Совет командиров решил: в Верхнеуральск не входить, оставить занятые позиции, отойти в Белорецк и там выработать новый план боевых действий.
Командир Верхнеуральского пехотного полка Каюков подошел к Ивану Каширину, сказал озабоченно:
— Время темное, я проскачу, проверю службу на позициях. Все ли в порядке.
— Если что заметишь, сразу доложи. Соблазн большой, как бы к женам да детишкам не укатили казаки.
— Да что вы, Иван Дмитриевич. Если замечу — собственной рукой распылю.
Вместе с Каюковым вышел Енборисов. Взяв две сотни казаков, они поскакали к переднему краю.

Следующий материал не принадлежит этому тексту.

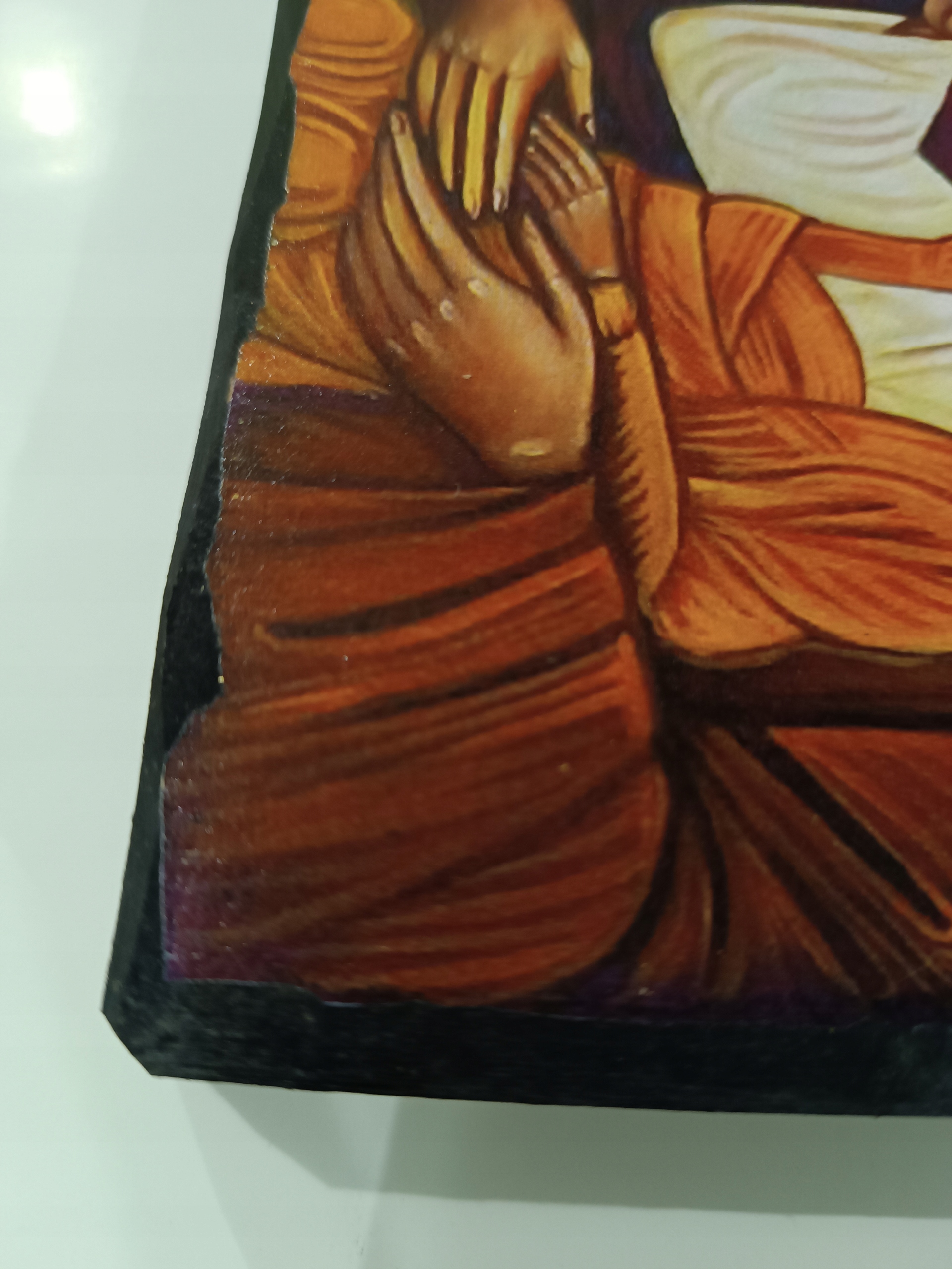 Боковые стороны иконы, нарисованные резцом, придают стиль и теплую форму.

У проселочной дороги, ведущей к белоказакам, Енборисов и Каюков вырвались вперед. Кавалеристы придержали коней. Каюков обернулся, махнул рукой, крикнул:
— А ну, станичники, кто к женам и матерям — за мной! — И зло огрел коня плетью.
Дрогнули казачьи сердца. Пятьдесят всадников пришпорили коней и понеслись вслед за Каюковым и Енборисовым. А остальные постояли у дороги и повернули назад к штабу.
Узнав об измене, Иван Каширин решил ускорить отход на Белорецк и разослал связных по отрядам. Своему адъютанту Михаилу Дмитриевичу Голубых приказал:
— Сворачивай канцелярию и вези в Белорецк. Увидишь Блюхера и Томина, передай — отход будет прикрывать Верхнеуральский стрелковый. Я буду с ними…
Вскочил на коня. Ускакал…
В арьергард Каширин поставил 6–ю роту. Ротному Иванчикову сказал:
— Примешь атакующих на себя. Бейся до последнего. Лучше потерять полсотни, чем пять тысяч. Понял?
— Понятнее и не скажешь, — кивнул головой Иванчиков.
— Держи всех в полной боевой. Этот гад Каюков все выболтает. В любую минуту могут сунуться.
— Привычные. Не проспим…
Белоказаки навалились на рассвете.
Иванчиков развернул роту в цепь, приказал:
— Бачурин! На середину тракта. Без команды не стрелять.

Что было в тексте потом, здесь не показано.